Claims
- 1. A micro-optical-electrical-mechanical laser scanner comprising:
a silicon-on-insulator substrate having a silicon substrate layer, a buried oxide layer, and a single crystal silicon device layer; a first device layer portion of the single crystal silicon device layer; a micro-mirror fabricated from the first device layer portion; a second device layer portion of the single crystal silicon device layer; a laser attached to the second device layer portion; a hinge connecting the first device layer portion and the second device layer portion of the single crystal silicon device layer; and a bimorph material layer deposited over at least a portion of the hinge, the bi-morph material layer having a built-in stress wherein the micro-mirror and at least a portion of the hinge are released from the buried oxide layer and the bimorph material causes the hinge to move the released micro-mirror out of a horizontal position.
- 2. The invention according to claim 1 wherein the micro-mirror is moved out of the horizontal position to an angle wherein the micro-mirror either directly or indirectly reflects a laser beam emitted from the laser.
- 3. The invention according to claim 1 wherein the hinge is a ribbon hinge.
- 4. The invention according to claim 1 further including a power source generating a potential difference between the hinge and the silicon-on-insulator substrate, whereby the power source controls movement of the micro-mirror.
- 5. The invention according to claim 4 wherein the movement of the micro-mirror results in a scan of the laser beam.
- 6. The invention according to claim 1 wherein the micro-optical-electrical-mechanical laser scanner is used for at least one of barcode scanning, retina scanning, xerographic printing, and laser printing.
- 7. The invention according to claim 1 wherein the laser diode is integrated onto the substrate by micropositioning.
- 8. The invention according to claim 4 wherein the mirror has a resonant frequency determined by a stiffness of the hinge and a weight of the mirror.
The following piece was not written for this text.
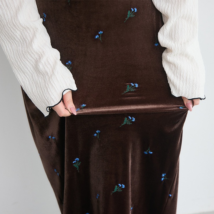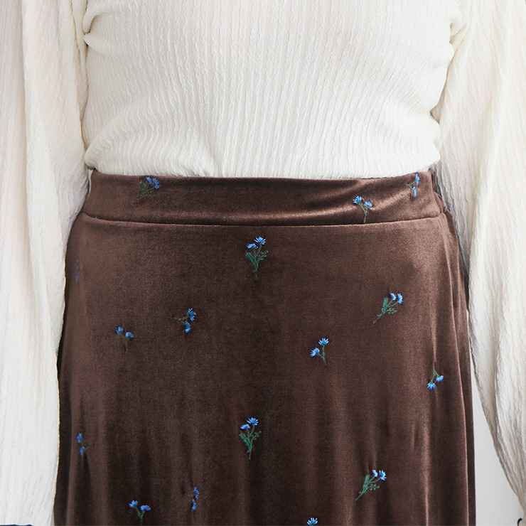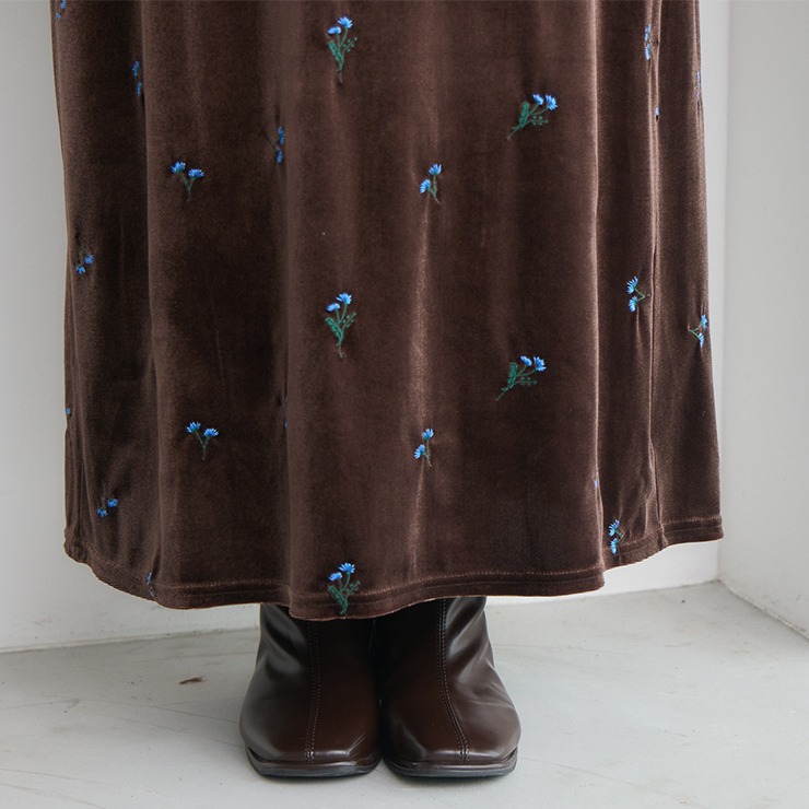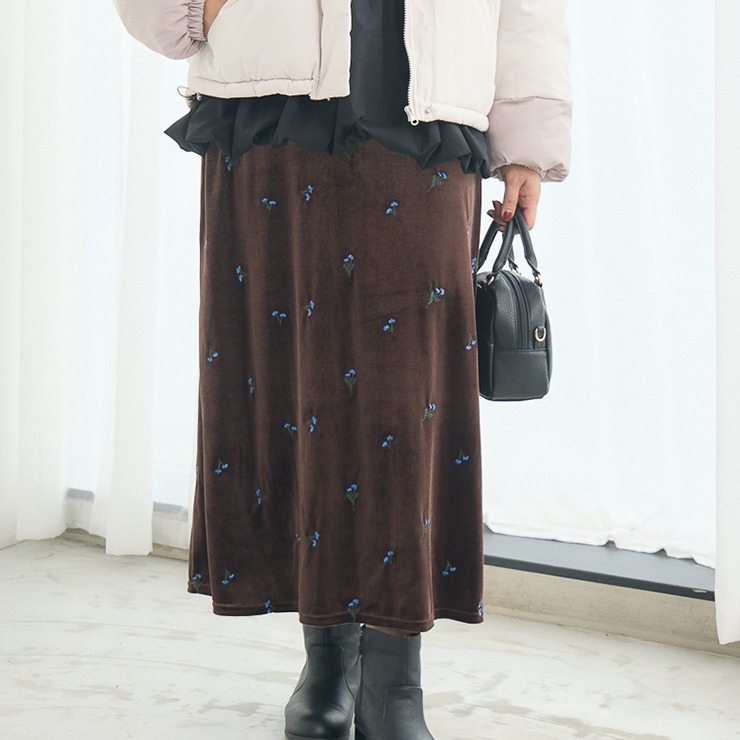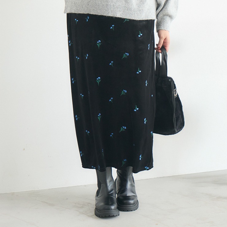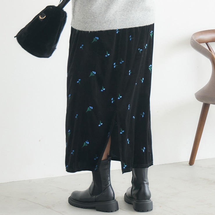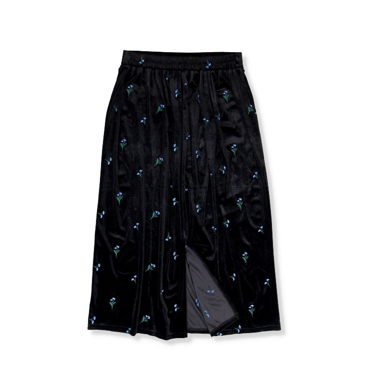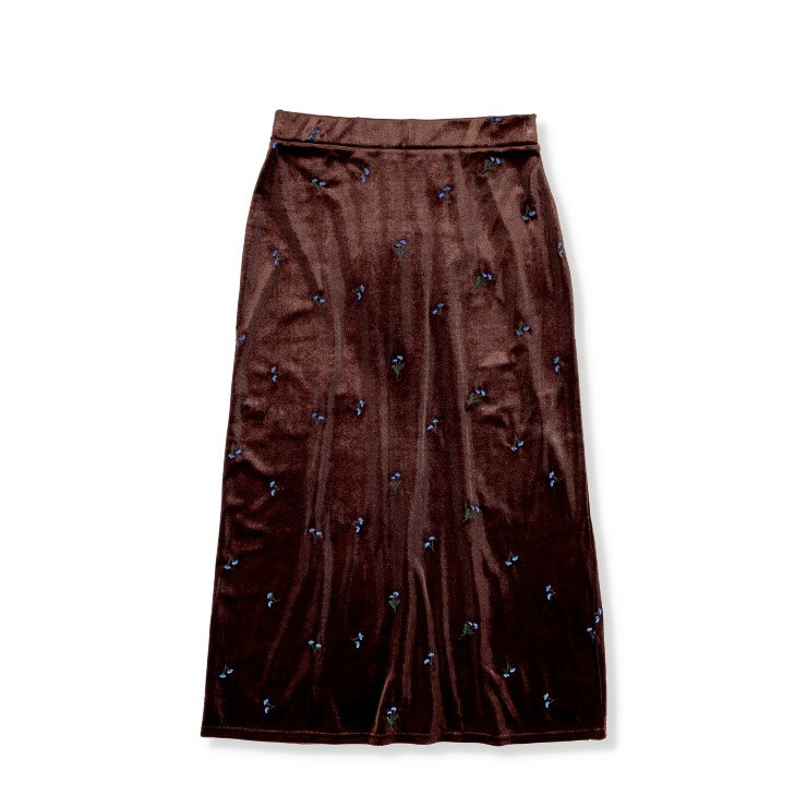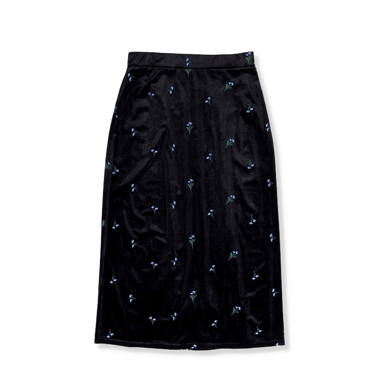花柄刺繍が全体に散りばめられているナロースカートです。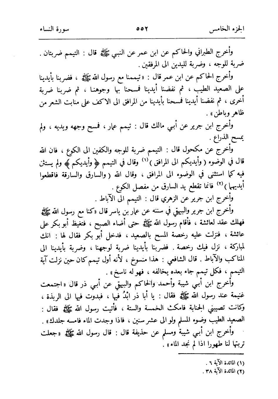 وَأخرج الطَّبَرَانِيّ وَالْحَاكِم عَن ابْن عمر عَن النَّبِي صلى الله عَلَيْهِ وَسلم قَالَ: التَّيَمُّم ضربتان: ضَرْبَة للْوَجْه وضربة لِلْيَدَيْنِ إِلَى الْمرْفقين

- 9. The invention according to claim 8 wherein the resonant frequency is configurable up to the tens of kHz.
- 10. The invention according to claim 1 wherein an angle of the mirror once released is approximately 45 degrees relative to the silicon-on-insulator substrate surface and an angle between the hinge and the silicon-on-insulator substrate surface is approximately 22.5 degrees.
- 11. The invention according to claim 1 wherein a lift height of the hinge is expressed as:
- 12. The invention according to claim 1 wherein electronic circuitry for driving the micro-mirror and laser are fabricated in the device layer of the silicon-on-insulator substrate.
- 13. A micro-optical-electrical-mechanical laser scanner comprising:
a silicon-on-insulator substrate having a silicon substrate layer, a buried oxide layer, and a single crystal silicon device layer; a first micro-mirror fabricated from a portion of the single crystal silicon device layer released from the buried oxide layer; a first hinge connecting the micro-mirror to the silicon-on-insulator substrate; a first bimorph material layer deposited over at least a portion of the hinge, the bimorph material having a built-in stress wherein the bimorph material causes the hinge to move the released micro-mirror out of a horizontal position; a second micro-mirror fabricated from a portion of the single crystal silicon device layer released from the buried oxide layer; a second hinge connecting the micro-mirror to the silicon-on-insulator substrate; a second bimorph material layer deposited over at least a portion of the hinge, the bimorph material having a built-in stress wherein the bimorph material causes the hinge to move the released micro-mirror out of a horizontal position; a carrier substrate bonded to a bottom surface of the silicon handle wafer layer of the silicon-on-insulator layer, a laser integrated on a surface of the carrier substrate, at a location permitting a laser beam exiting the laser to be reflected off of the first micro-mirror,
- 14. The invention according to claim 13 wherein the first micro-mirror and second micro-mirror are positioned in relationship to each other such that the reflected laser beam from the first micro-mirror is reflected off the second micro-mirror at an angle perpendicular to the surface of the device layer.
- 15. The invention according to claim 13 further including a third micro-mirror positioned between the first and second micro-mirrors, the first micro-mirror angled to reflect the laser beam to the third micro-mirror, and the third micro-mirror positioned in relationship to the second micro-mirror to reflect the laser beam off of the second micro-mirror at an angle perpendicular to the device layer.
- 16. The invention according to claim 14 wherein the first, second, and third micro-mirrors are driven by at least one of electrostatic and magnetic action.
- 17. The invention according to claim 15 wherein the third micro-mirror is an in-plane torsion hinge mirror.
Government Interests
[0001] The U.S. Government has a paid up license in this invention and the right, in limited circumstances, to require the patent owner to license others on reasonable terms as provided for by the terms of contract number 70NANB8H4014, awarded by NIST.